Records for the task:
───
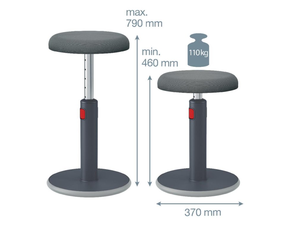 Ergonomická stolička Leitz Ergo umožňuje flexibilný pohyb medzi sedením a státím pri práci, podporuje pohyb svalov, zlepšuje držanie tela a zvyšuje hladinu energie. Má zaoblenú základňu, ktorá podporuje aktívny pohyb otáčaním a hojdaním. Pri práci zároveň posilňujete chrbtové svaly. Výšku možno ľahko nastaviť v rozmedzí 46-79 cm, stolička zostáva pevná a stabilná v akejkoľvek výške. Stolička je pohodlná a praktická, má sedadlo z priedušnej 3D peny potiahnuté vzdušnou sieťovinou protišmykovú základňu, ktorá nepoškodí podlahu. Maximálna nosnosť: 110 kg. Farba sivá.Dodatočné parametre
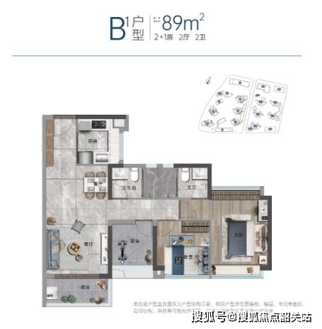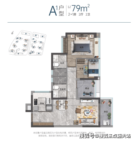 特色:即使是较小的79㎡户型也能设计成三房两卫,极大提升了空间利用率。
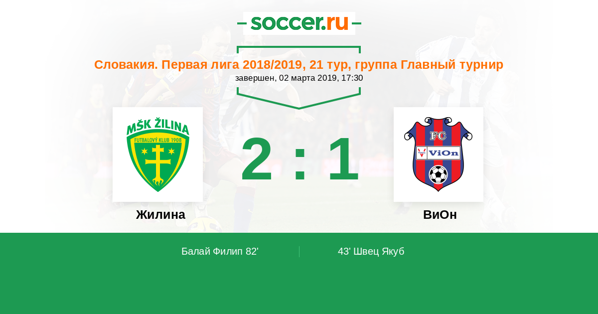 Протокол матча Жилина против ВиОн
───
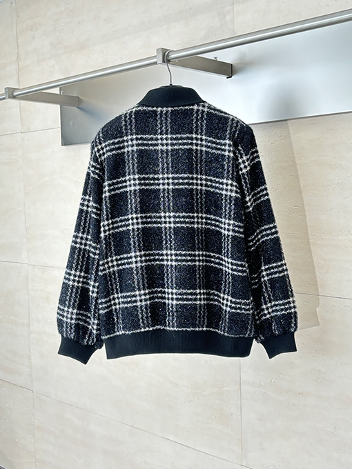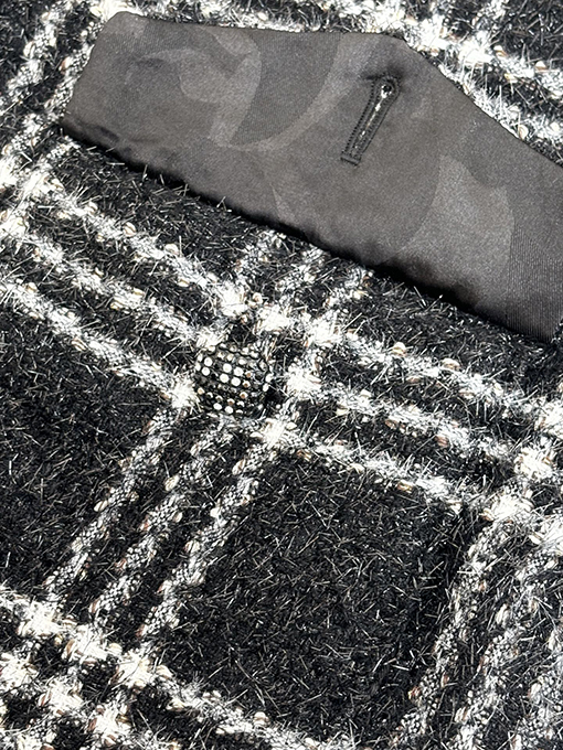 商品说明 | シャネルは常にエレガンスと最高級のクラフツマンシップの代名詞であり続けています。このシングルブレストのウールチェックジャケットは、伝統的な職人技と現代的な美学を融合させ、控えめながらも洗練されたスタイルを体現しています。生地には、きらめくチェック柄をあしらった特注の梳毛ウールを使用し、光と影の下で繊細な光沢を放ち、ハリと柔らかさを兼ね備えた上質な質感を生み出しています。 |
───
Look above for the line with "Ergonomická stolička Leitz" and the line with "Протокол матча Жилина против ВиОн", then copy them and all lines in between exactly as written, and only those, without any pictures.

 Ergonomická stolička Leitz Ergo umožňuje flexibilný pohyb medzi sedením a státím pri práci, podporuje pohyb svalov, zlepšuje držanie tela a zvyšuje hladinu energie. Má zaoblenú základňu, ktorá podporuje aktívny pohyb otáčaním a hojdaním. Pri práci zároveň posilňujete chrbtové svaly. Výšku možno ľahko nastaviť v rozmedzí 46-79 cm, stolička zostáva pevná a stabilná v akejkoľvek výške. Stolička je pohodlná a praktická, má sedadlo z priedušnej 3D peny potiahnuté vzdušnou sieťovinou protišmykovú základňu, ktorá nepoškodí podlahu. Maximálna nosnosť: 110 kg. Farba sivá.Dodatočné parametre
 特色:即使是较小的79㎡户型也能设计成三房两卫,极大提升了空间利用率。
 Протокол матча Жилина против ВиОн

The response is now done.